GUERNEVILLE, Calif. – Two communities in Northern California’s wine country were accessible only by boat Wednesday after a rain-swollen river overflowed its banks following a relentless downpour across an already waterlogged region.
The small city of Guerneville north of San Francisco “is officially an island,” with the overflowing Russian River forecast to hit its highest level in about 25 years, the Sonoma County Sheriff’s Office said in a statement.
“Nobody is coming or going from the Guerneville area at this time,” said sheriff’s Sgt. Spencer Crum. The nearby town of Monte Rio was also isolated by floodwaters and all roads leading to it were swamped.
The still rising Russian River was engorged by days of rain from western U.S. storms that have also dumped heavy snow in the Sierra Nevada, throughout the Pacific Northwest and into Montana, where Gov. Steve Bullock signed an emergency order to help keep up the supply of heating fuel amid frigid temperatures.

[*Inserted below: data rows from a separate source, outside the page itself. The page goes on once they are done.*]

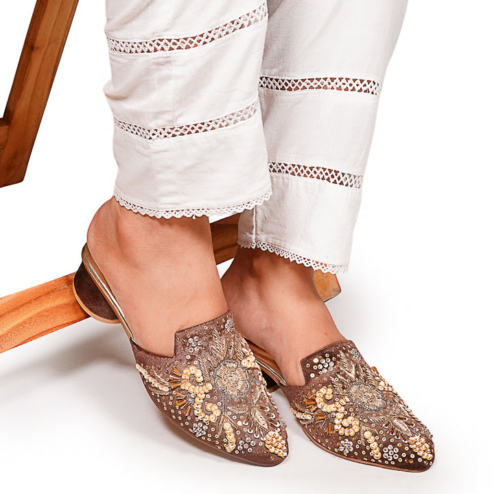 ML-AQ1-Brown-(Heel) stands as a true embodiment of delightful, opulent, and timeless artistry, crafted upon a rich brown velvet foundation and adorned with a captivating blend of intricate embroidery. These treasured symbols of Pakistan’s heritage are meticulously hand-sewn by dedicated shoemakers from rural regions, proudly showcasing the exquisite allure of captivating feet.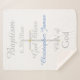 O Elegante Baby Baptism, de tamanho médio, mantém o cobertor com cruz prateada pintada manualmente no centro com o aspecto de sotaques dourados. Personalize com o nome do bebê primeiro e médio em texto azul e Data do batismo em escrita prateada. Batismo, Deus abençoe, Criança de Deus está escrita em prata. O pequeno e elegante bebê rattle está no canto inferior esquerdo do cobertor com a estrela azul, a aparência de um arco azul brilhante e bonito com sombra. O amor é escrito em texto branco dentro de chocalho. Um belo cobertor de velo faria um presente especial para o bebê, filho da puta. Perfeito para exibir fotos acarinhadas na geladeira, no cavalete, no arquivo, etc. NOTA: Dependendo do tamanho, você pode ajustar o tamanho do Baby Rattle clicando em personalizar e pressionando o botão e aumentar para aumentar em pequenos incrementos (se um ponto de exclamação de aviso aparecer diminuir em um incremento), e pode mover a imagem e a posição do dentro de Amor. Trabalho de arte gráfico original e Design © TamiraZDesign.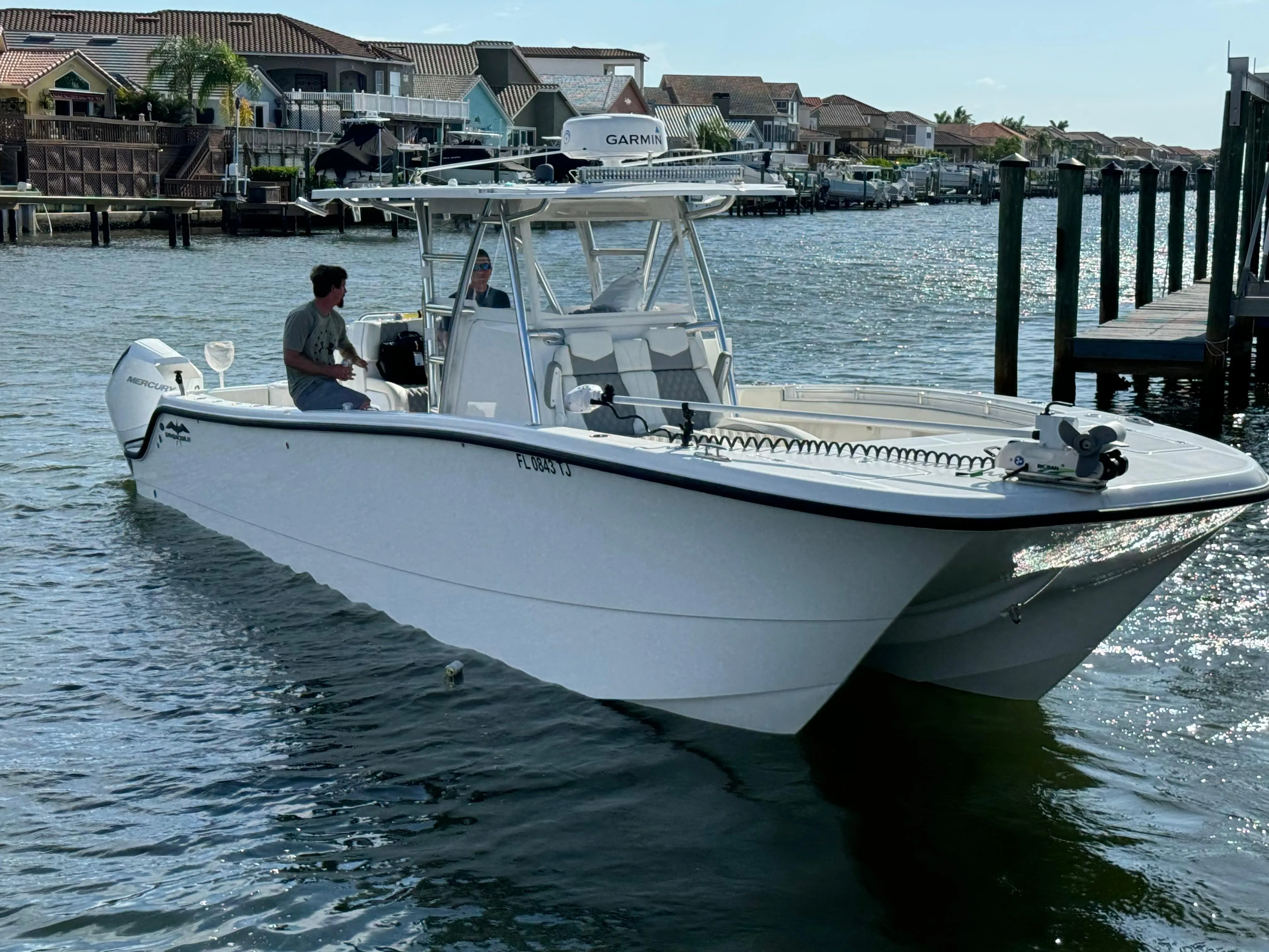 Powered by twin Mercury 300 V8s (with low hours), she cruises effortlessly through chop while maintaining fuel efficiency and comfort. The patented hybrid semi-asymmetrical hull design ensures a smooth, dry ride with incredible maneuverability and speed – even in offshore conditions.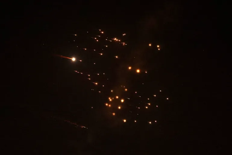 ووثّقت مقاطع فيديو -نقلتها القناة 12 الإسرائيلية ومنصات محلية- لحظة سقوط الصاروخ الإيراني، حيث انشطر إلى عدد كبير من القنابل، ومن ثم انفجر على شكل وميض ضخم.

Snow from the storms closed roads and schools and toppled trucks and trees from Oregon to Montana and an avalanche in the Sierra prompted Amtrak to suspend rail service between Sacramento and Reno, Nevada.
The Russian River topped 42 feet Wednesday afternoon, when television helicopter footage showed homes underwater and cars submerged. It could crest at more than 46 feet by Wednesday night, officials said. About 4,000 residents in two dozen river communities were ordered to evacuate Tuesday evening but officials estimate only about half heeded the orders, Crum said.
Jeff Bridges, co-owner of the R3 Hotel in Guerneville, said he and others who stayed behind were well prepared to ride out the storm. He and employees spent most of the night moving computers, business records and furniture to second-floor room. Reached by telephone, Bridges said there was about 7 feet of water at his two-story home in Guerneville Wednesday but was not worried.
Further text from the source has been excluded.